According to the Milanese tradition, this typical sweet bread should be eaten during the Day of the Dead in memory of the departed loved ones. The popular tradition tells that this nutritious and tasty dessert, Pan dei morti, was baked and eaten together with the whole family to honour the dead relatives, as if they were taking part to the meal as well. This soft sweet bread used to be baked only at home, but nowadays it can be found in many bakeries of Lombardy. It is an example of the genuine taste and traditional nature that characterise Lombardy’s products.
Pan dei morti
Pan dei Morti (Day of the Dead Bread)
Ingredients – serves 4
  • 250g flour
  • 100g raisins
  • 450g dry biscuits
  • a fistful of dried almonds
  • 1/2 glass of sweet white wine (passito)
  • 100g dried figs
  • 3 egg whites
  • 200g sugar
  • 1 tablespoon of baking soda
  • 1 teaspoon of cinnamon
  • 30g powdered sugar

If stored in a closed container (better if hermetically sealed), Pan dei morti will keep for up to 7 days. Let your imagination roam and create your own version of this recipe: try adding different types of nuts or other spices and flavourings.

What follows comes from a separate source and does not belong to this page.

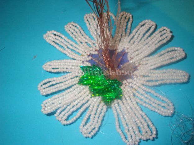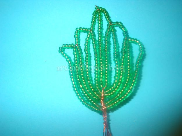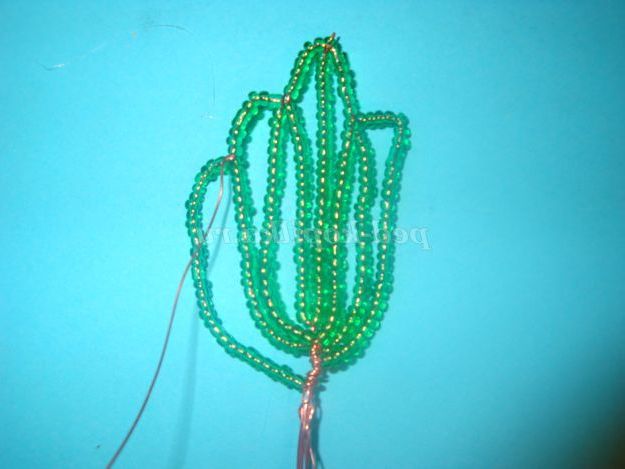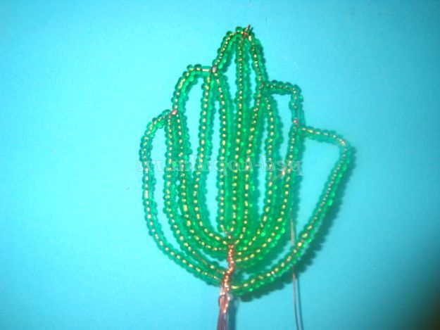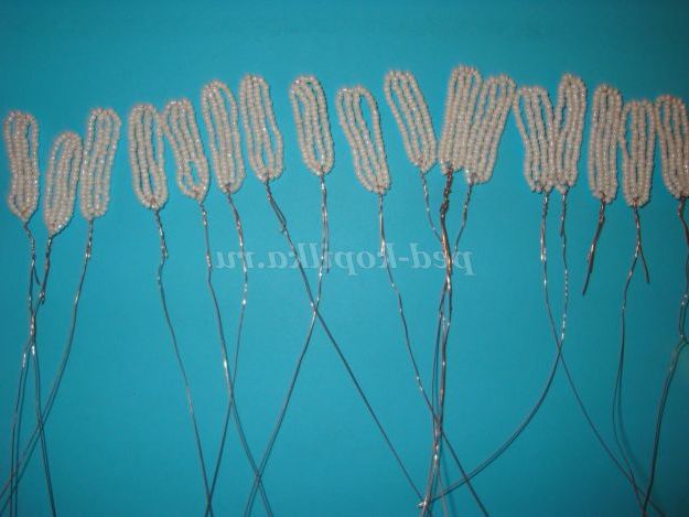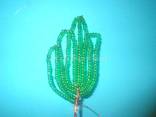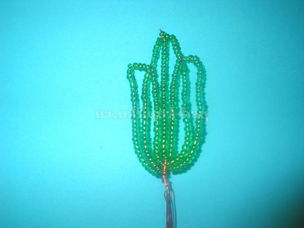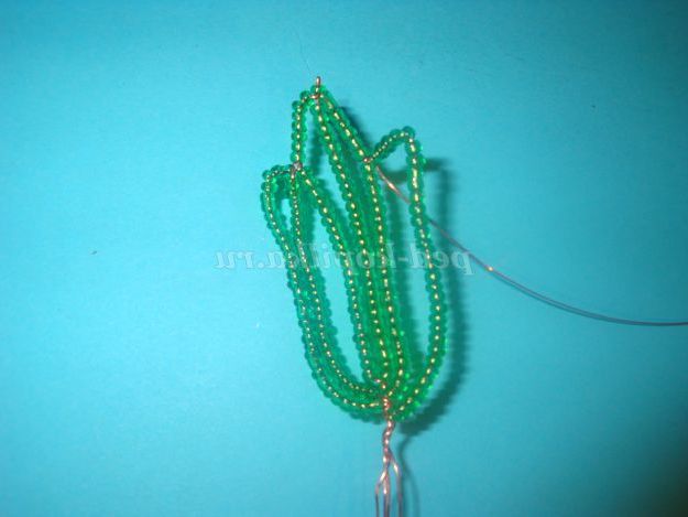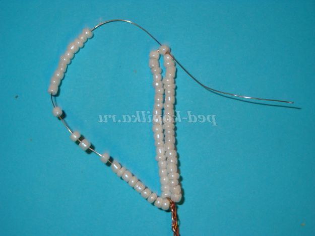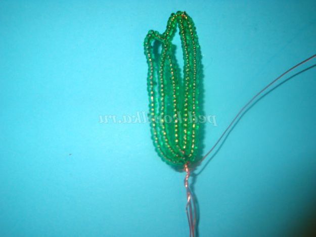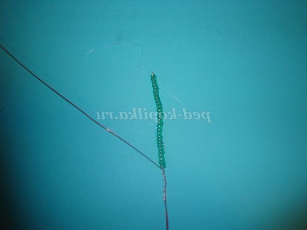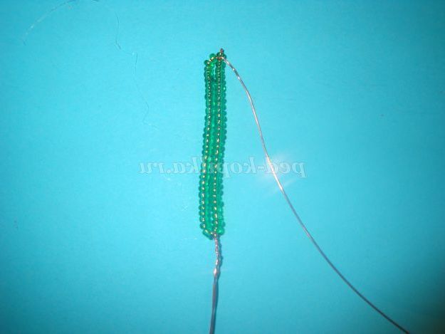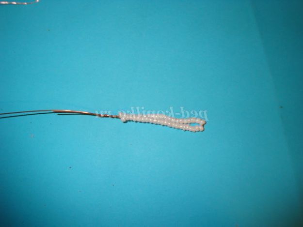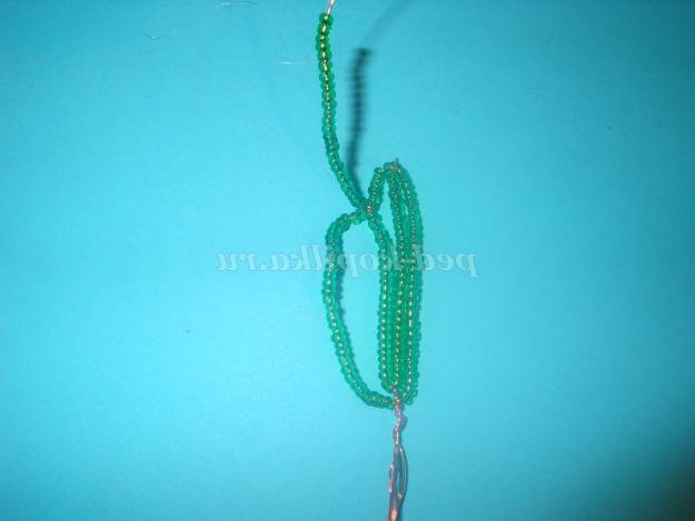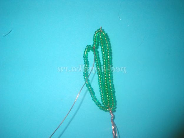 Потім одягаємо 25 бісерін і опускаємося вниз і обмотуємо дріт навколо підстави (внизу).
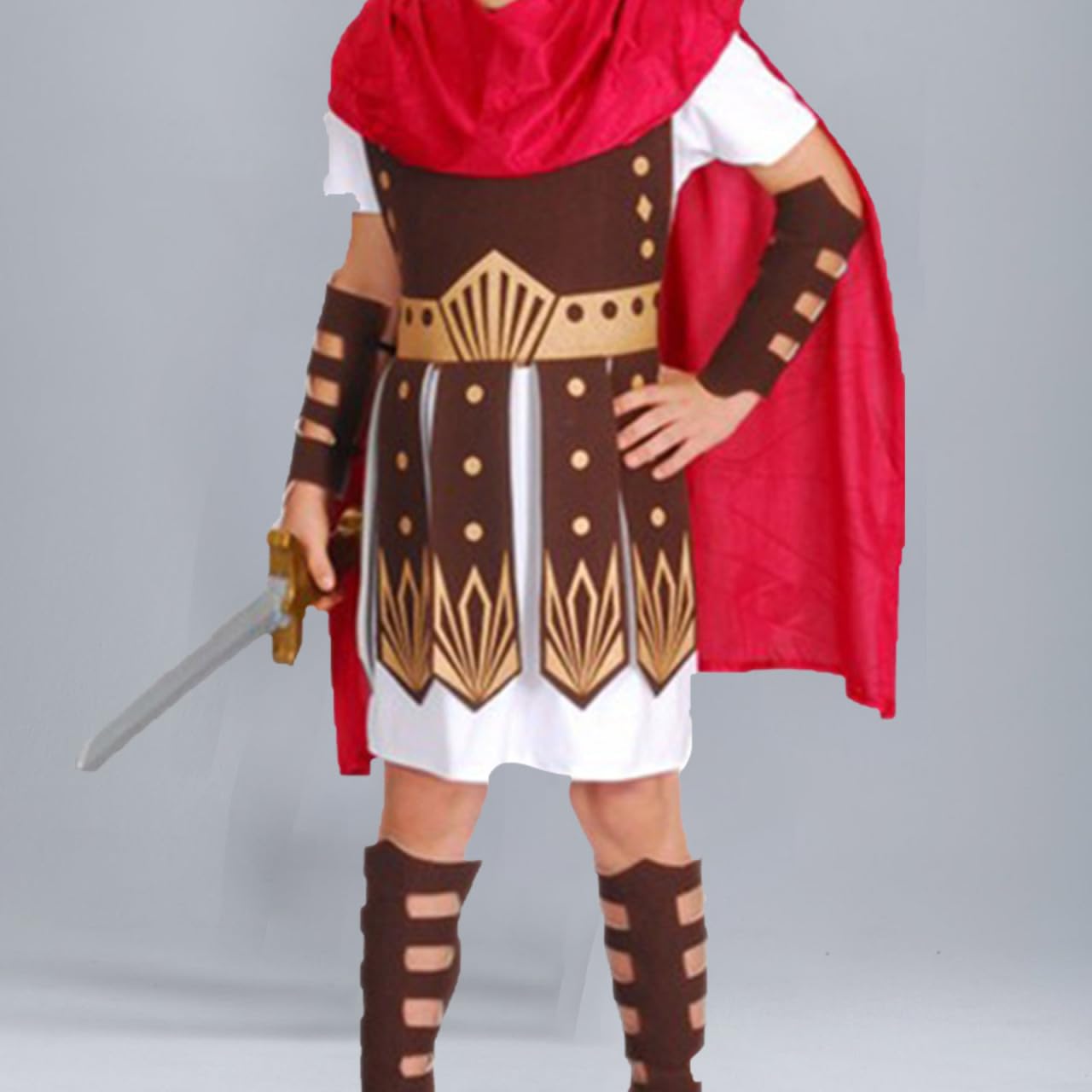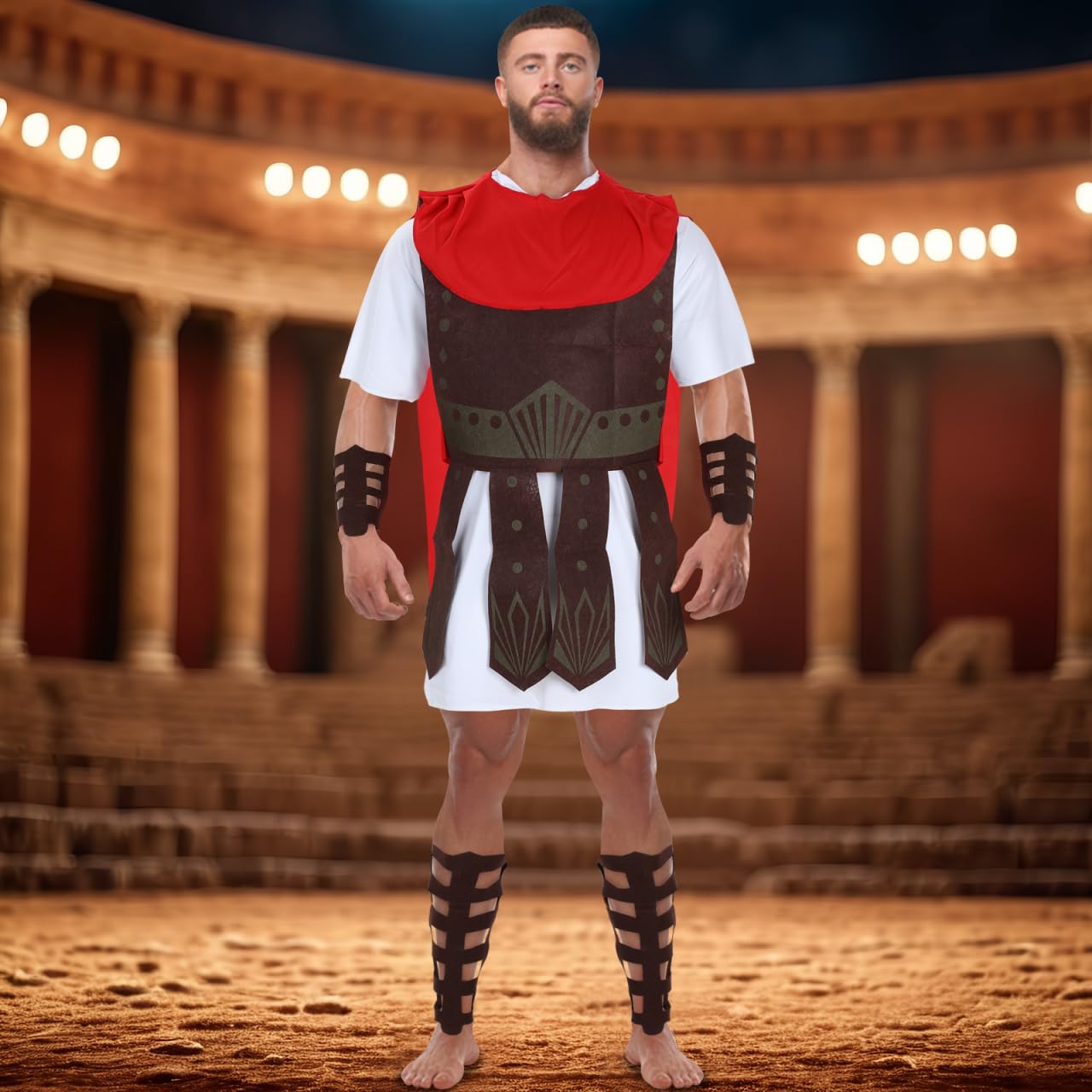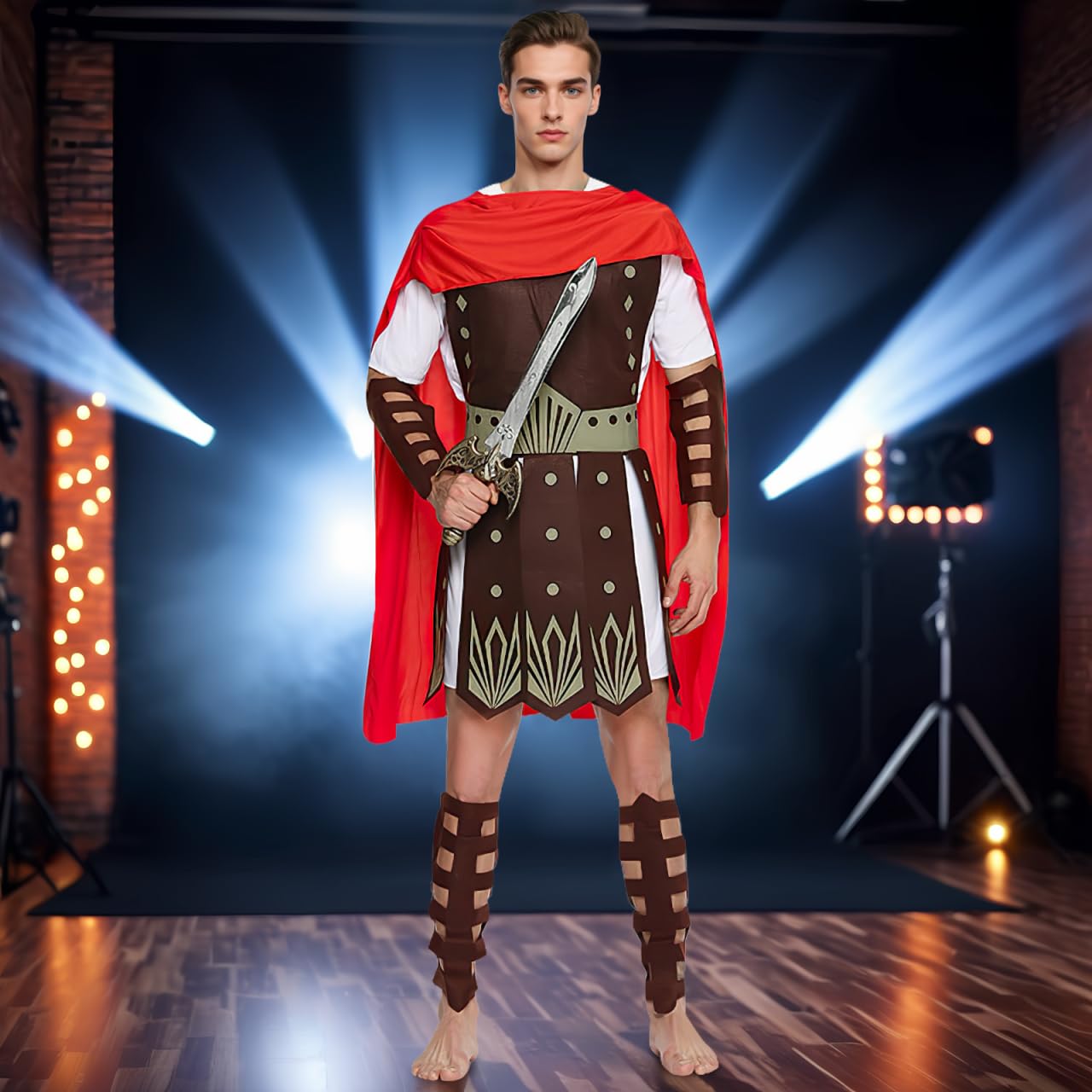 PACKAGE:This is a set of ancient Roman gladiator clothing, including cape, brown a rmor, knee pads, wrist guards and white long skirt. This dress is suitable for Halloween parties, carnival parties, birthday parties and other occasions. It is very unique and interesting

How to bake Pan dei morti – traditional method

  • Soak raisins in water until soft, then squeeze out the excess water.
  • Crush the biscuits. Peel the almonds and chop them finely with figs and other nuts (optional).
  • Mix flour, baking soda and cinnamon, then add the raisins and the chopped almonds.
  • BBeat the egg whites to stiff peaks and add them to the other ingredients, mixing well. Pour in ½ glass of white wine and keep on mixing until all the ingredients are combined.
  • Let the dough sit under a cloth for 40 mins. If clumps have formed in the meantime, add some water and sugar and mix well. When the dough is uniform, divide it in two parts and give them a flattened shape. Place on a buttered baking pan.
  • Preheat the oven to 180° and bake the sweet bread for at least 45 minutes, until soft on the inside but with a slightly crisp surface.
  • Serve warm with a sprinkle of powdered sugar on top.